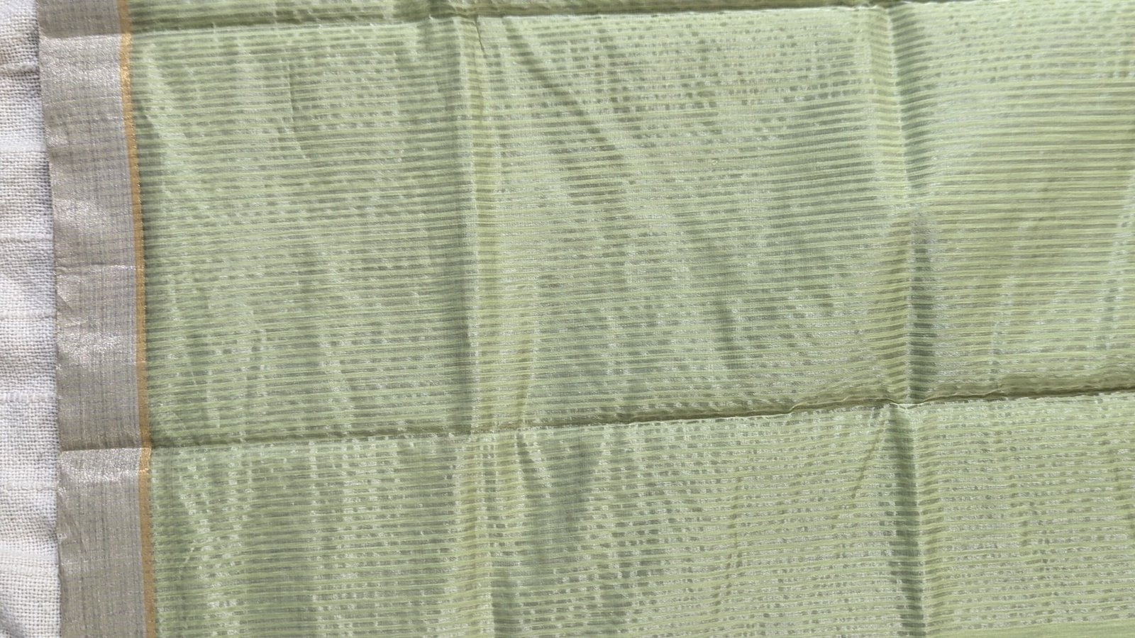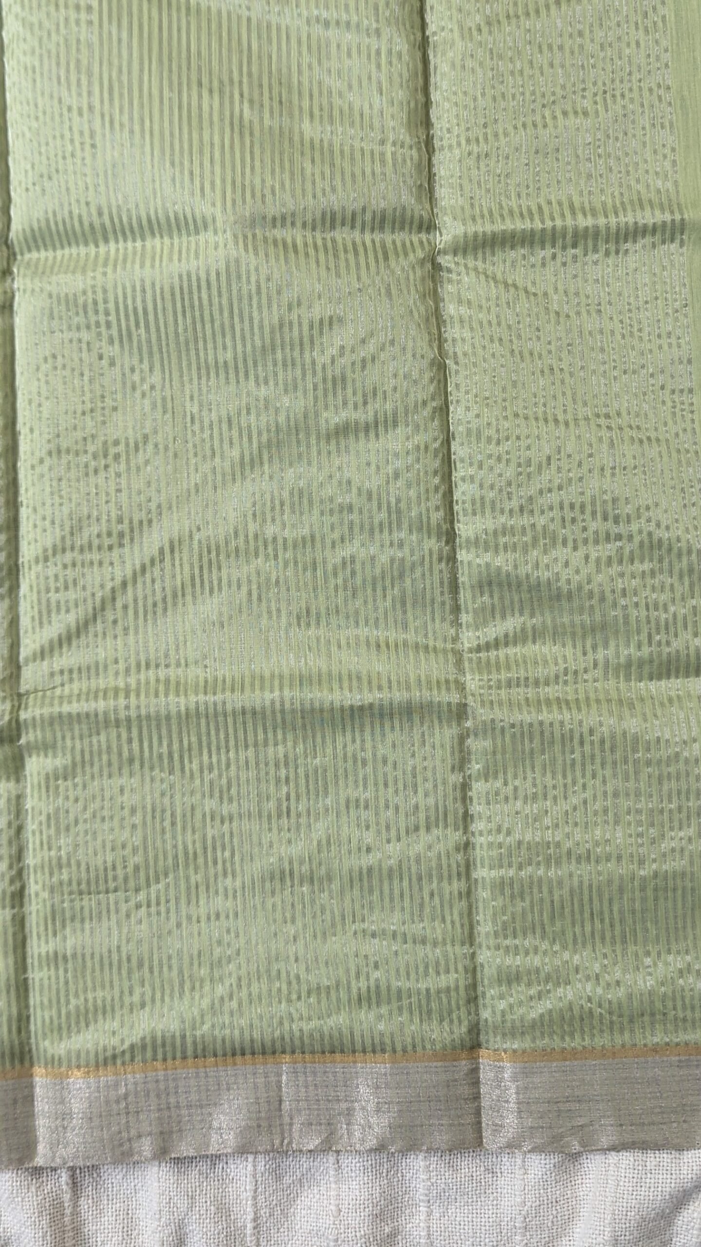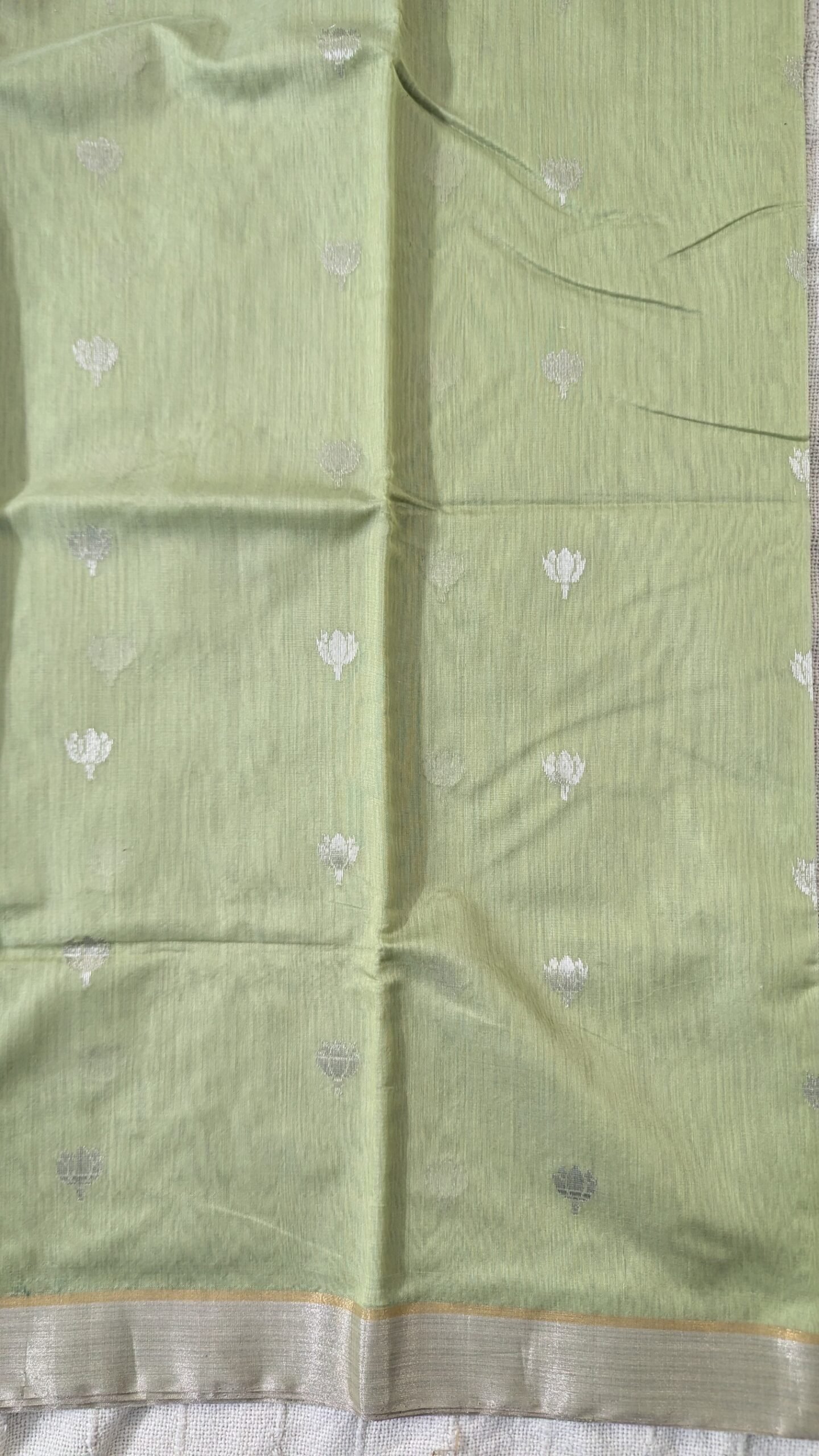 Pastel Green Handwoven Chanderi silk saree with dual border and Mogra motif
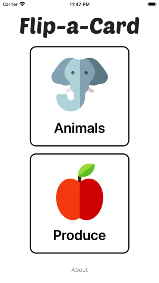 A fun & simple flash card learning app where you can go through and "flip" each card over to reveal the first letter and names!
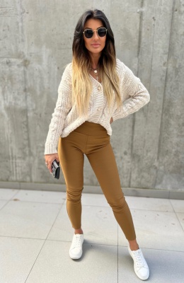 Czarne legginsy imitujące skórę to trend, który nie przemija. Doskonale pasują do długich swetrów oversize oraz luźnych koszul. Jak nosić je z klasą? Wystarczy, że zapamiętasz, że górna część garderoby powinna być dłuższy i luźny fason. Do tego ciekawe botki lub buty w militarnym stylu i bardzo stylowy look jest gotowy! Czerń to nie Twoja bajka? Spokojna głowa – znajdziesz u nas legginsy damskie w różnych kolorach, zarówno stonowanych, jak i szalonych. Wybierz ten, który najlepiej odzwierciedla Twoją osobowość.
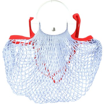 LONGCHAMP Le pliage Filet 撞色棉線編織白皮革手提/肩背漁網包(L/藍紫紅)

→ WHAT THE TASK REQUIRES: Would you write out the data exactly, with no pictures in the copy?

→ RESULT FOR THIS TASK:
 Pastel Green Handwoven Chanderi silk saree with dual border and Mogra motif
 A fun & simple flash card learning app where you can go through and "flip" each card over to reveal the first letter and names!
 Czarne legginsy imitujące skórę to trend, który nie przemija. Doskonale pasują do długich swetrów oversize oraz luźnych koszul. Jak nosić je z klasą? Wystarczy, że zapamiętasz, że górna część garderoby powinna być dłuższy i luźny fason. Do tego ciekawe botki lub buty w militarnym stylu i bardzo stylowy look jest gotowy! Czerń to nie Twoja bajka? Spokojna głowa – znajdziesz u nas legginsy damskie w różnych kolorach, zarówno stonowanych, jak i szalonych. Wybierz ten, który najlepiej odzwierciedla Twoją osobowość.
 LONGCHAMP Le pliage Filet 撞色棉線編織白皮革手提/肩背漁網包(L/藍紫紅)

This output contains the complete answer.